4.The application was canvassed by way of written submissions. The applicants’ submissions were filed on 4th October, 2021 by the law firm of Wameyo Onyango & Associates Advocates, whereas the respondent’s submissions were filed on 26th October, 202, by the law firm of Bryan Moturi & Associates.
5.Mr. Wameyo, learned Counsel for the applicants submitted that through an application dated 8th September, 2020, the applicants had sought the striking out of the warrants of attachment issued to Work-No-Words Auctioneers on 17th July, 2020 in execution of a decree passed on the 18th of July, 2018 and for the setting aside of the said decree. He stated that when the application dated 8th September, 2020 was still pending, the respondent sought fresh warrants in the name of Gladys K. Mutisya t/a Trophy Auctioneers with a view to frustrate the pending application and render it superfluous.
6.He submitted that there is no provision in the Civil Procedure Rules that allows a party to write a letter to the Court to renew warrants in the name of another Auctioneer other than the one to whom the warrants had at first been issued as set out in form No. 7 Appendix D of the Civil Procedure Rules. Mr. Wameyo stated that the authority relied on by the Counsel for the respondent in his written submissions is easily distinguishable to the extent that the same does not deal with the issues raised herein.
7.Mr. Moturi, learned Counsel for the respondent submitted that the applicants were not keen on having the application dated 8th September, 2020 heard and determined at the earliest opportunity which led to the respondnet instructing Gladys K. Mutisya t/a Trophy Auctioneers to recover the decretal sum which continues to attract interest, after No Work-No-Words Auctioneers returned the warrants of attachment after the lapse of sixty days from the date of issue.
8.It was contended by Mr. Moturi that the applicants’ Advocate was not properly on record for the applicants since he had neither sought consent of the previous Advocate to come on record nor sought leave from this Court to be placed on record for the applicants after a decree had been issued. He submitted that the foregoing was is in contravention of Order 9 Rule 9 of the Civil Procedure Rules.
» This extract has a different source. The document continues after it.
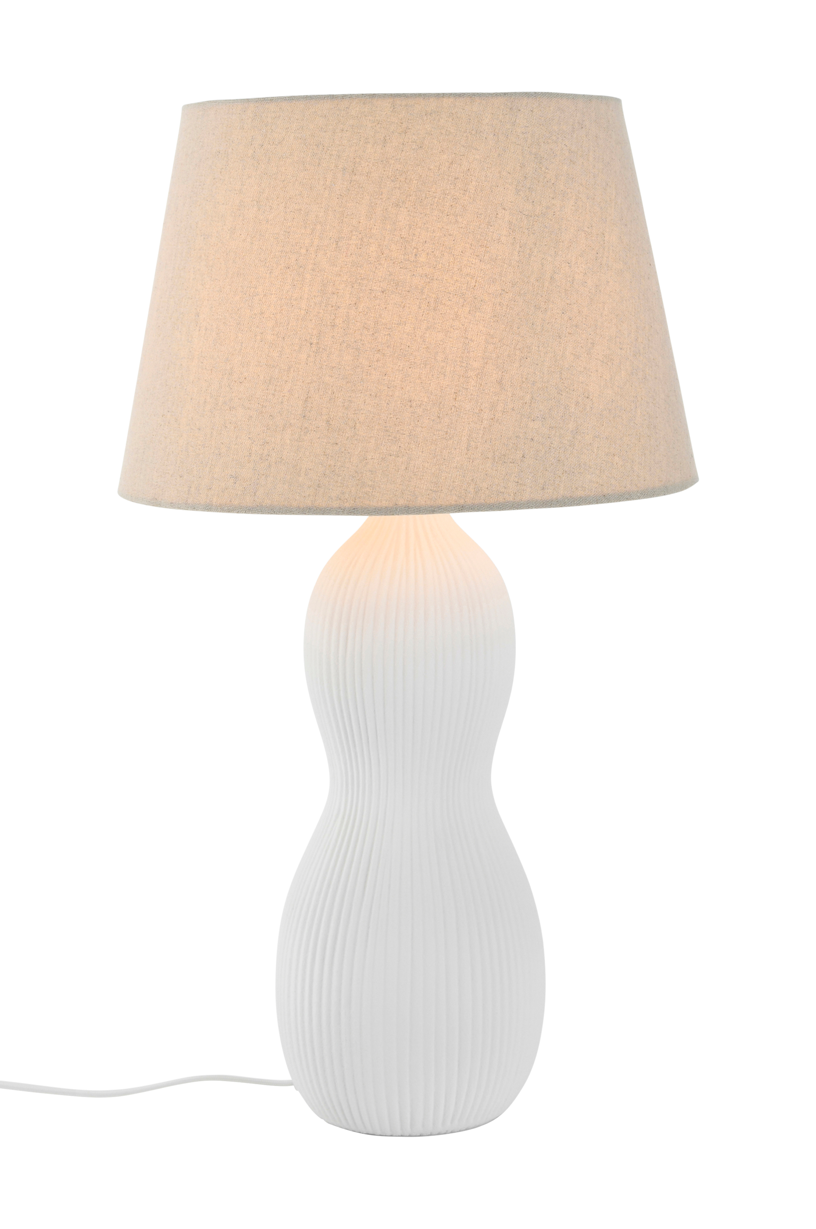 Pöytävalaisin, jonka jalka mattapintaista keramiikkaa. Lampunjalka on orgaanisen muotoinen ja siinä on raidallinen pintakuvio. Kangasvarjostin.
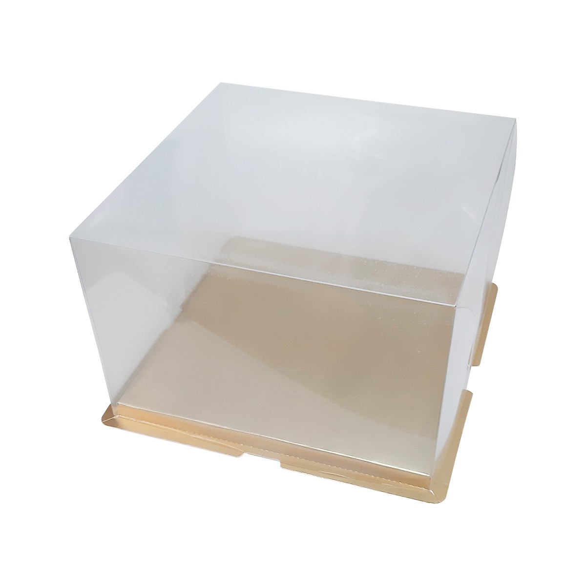 Коробка под торт ПРЕМИУМ прозрачная, бронза (Россия, 260х260х160 мм)

He relied on the case of Kiptanui Arap Chepkwony & another v Jonathan Sitonik Chebusit & another Kericho ELC No. 66 of 2013, where the Court when dealing with a similar issue held that the procedure set out under Order 9 Rule 9 of the Civil Procedure Rules is mandatory and cannot be termed as a mere technicality.
9.Mr. Moturi submitted that the applicants have never filed an application to review and/or appealed against the Judgment hence it was too late to seek to set aside the decree. He further submitted that the warrants were renewed as provided by the law. He cited Article 159(2)(d) of the Constitution of Kenya 2010 which provides that justice shall be administered without undue regard to procedural technicalities. He indicated that the Civil Procedure Act does not have Form No. 7 Appendix D, instead it has Form No. 7 Appendix F which provides for warrants of committal as per Order 22 Rule 18 of the Civil Procedure Rules. He indicated that Appendix D only deals with the trial conference questionnaire under Order 11 Rule 6 of the said Rules. He asserted that the respondent was not in contravention of the Civil Procedure Act when he renewed the warrants and/or instructed Gladys K. Mutisya t/a Trophy Auctioneers.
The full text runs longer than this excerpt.